= 1924 in British radio =

This is a list of events from British radio in 1924.

==Events==
===January===
- 1 January – The Meteorological Office issues its first broadcast Shipping Forecast, at this time called Weather Shipping.
- 15 January – The world's first original adult radio play, Danger by Richard Hughes, is broadcast by the British Broadcasting Company from its studios in London.

===February===
- 5 February – Hourly Greenwich Time Signal from Royal Greenwich Observatory is broadcast for the first time.
- 24 February – The first broadcasts from the British Broadcasting Company's 6FL Sheffield radio station listed in The Radio Times. (Note: It is probable that 6FL Sheffield broadcast prior to this date without being listed in The Radio Times.)

===March===
- 28 March – First broadcasts from the 5PY Plymouth radio station listed in The Radio Times. (Note: It is probable that 5PY Plymouth broadcast prior to this date without being listed in The Radio Times.)

===April===
- 23 April – First broadcast by King George V, opening the British Empire Exhibition at Wembley Stadium.

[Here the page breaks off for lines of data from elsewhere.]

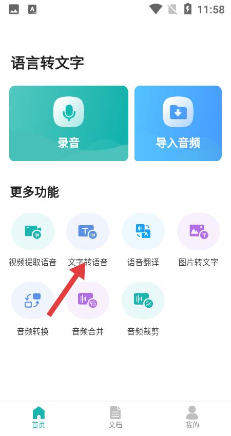 1、首頁劃分語言轉文字與更多功能板塊錄音和導入音頻按鈕突出,更多功能區里文字轉語音圖標清晰,布局簡潔,幫助用戶快速定位該功能。
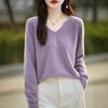 2025 Outono/Inverno Novo Suéter de Caxemira Feminino Solto Simples Pulôver Base Manga Longa Top Decote V Renda Manga Ombro Caído
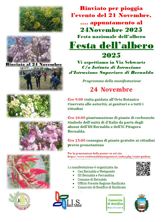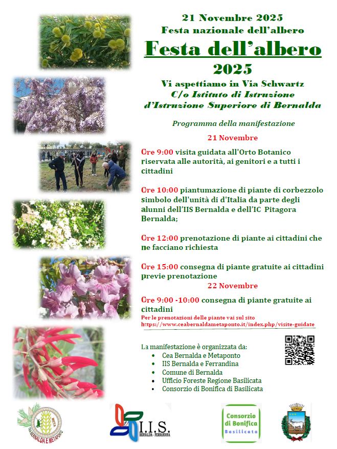 Il nostro Orto Botanico chiamato “il giardino dei profeti” è all’interno dell’IIS Bernalda in Via Schwartz,20 Bernalda . In esso sono presenti 1600 piante di 150 specie diverse. L'Orto Botanico è dotato di una ricca collezione di piante autoctone ed esotiche ,provenienti da ogni parte del pianeta. Un progetto poliennale che ha visto coinvolti istiruzioni, alunni e volontari.

It is recorded off-air by a listener using home-made equipment.

===May===
- 1 May – The first broadcasts from the 2EH Edinburgh radio station listed in The Radio Times. (Note: It is probable that 2EH Edinburgh broadcast prior to this date without being listed in The Radio Times.)
- 19 May – The British Broadcasting Company first broadcasts cellist Beatrice Harrison duetting live with a wild nightingale in her Surrey garden.

===June===
- 11 June – First broadcasts from the 2LV Liverpool radio station listed in The Radio Times. (Note: It is probable that 2LV Liverpool broadcast prior to this date without being listed in The Radio Times.)

===July===
- 8 July – First broadcasts from the 2LS Leeds radio station listed in The Radio Times. (Note: It is probable that 2LS Leeds broadcast prior to this date without being listed in The Radio Times.)

===August===
- 15 August – First broadcasts from the 6KH Hull radio station listed in The Radio Times. (Note: It is probable that 6KH Hull broadcast prior to this date without being listed in The Radio Times.)

===September===
- 15 September – First broadcasts from the 2BE Belfast radio station listed in The Radio Times. (Note: It is probable that 2BE Belfast broadcast prior to this date without being listed in The Radio Times.)
- 16 September – First broadcasts from the 5NG Nottingham radio station listed in The Radio Times. (Note: It is probable that 5NG Nottingham broadcast prior to this date without being listed in The Radio Times.)

===October===
- 13 October – The 1924 general election campaign is the first in the United Kingdom to include party political broadcasts, the first being made today on the BBC by Ramsay MacDonald on behalf of the Labour Party.
- 21 October – First broadcasts from the 6ST Stoke radio station listed in The Radio Times. (Note: It is probable that 6ST Stoke broadcast prior to this date without being listed in The Radio Times.)

===November===
- 12 November – First broadcasts from the 2DE Dundee radio station listed in The Radio Times. (Note: It is probable that 2DE Dundee broadcast prior to this date without being listed in The Radio Times.)

===December===
- 12 December – First broadcasts from the 5SX Swansea radio station listed in The Radio Times. (Note: It is probable that 5SX Swansea broadcast prior to this date without being listed in The Radio Times.)
- 28 December – First broadcasts from the 5XX Daventry radio station listed in The Radio Times. (Note: It is probable that 5XX Daventry broadcast prior to this date without being listed in The Radio Times.)

===Undated===
- The Wireless Chorus, predecessor of the BBC Singers, is formed.

==Births==
- 11 February – Douglas Smith, radio announcer (died 1972)
- 19 March – Mary Wimbush, actress (died 2005)
- 3 April – Peter Hawkins, voice actor (died 2006)
- 20 April – Leslie Phillips, comic actor (died 2022)
- 23 April – Norman Painting, actor (died 2009)
- 1 May – Dennis Main Wilson, broadcast comedy producer (died 1997)
- 12 May – Tony Hancock, comedian (died 1968)
- 31 July – Garard Green, actor (died 2004)
- 4 October – Don Mosey, cricket commentator (died 1999)
- 15 November – Mike Raven, born (Austin) Churton Fairman, DJ, actor and sculptor (died 1997)
- 6 December – Eric Merriman, comedy scriptwriter (died 2003)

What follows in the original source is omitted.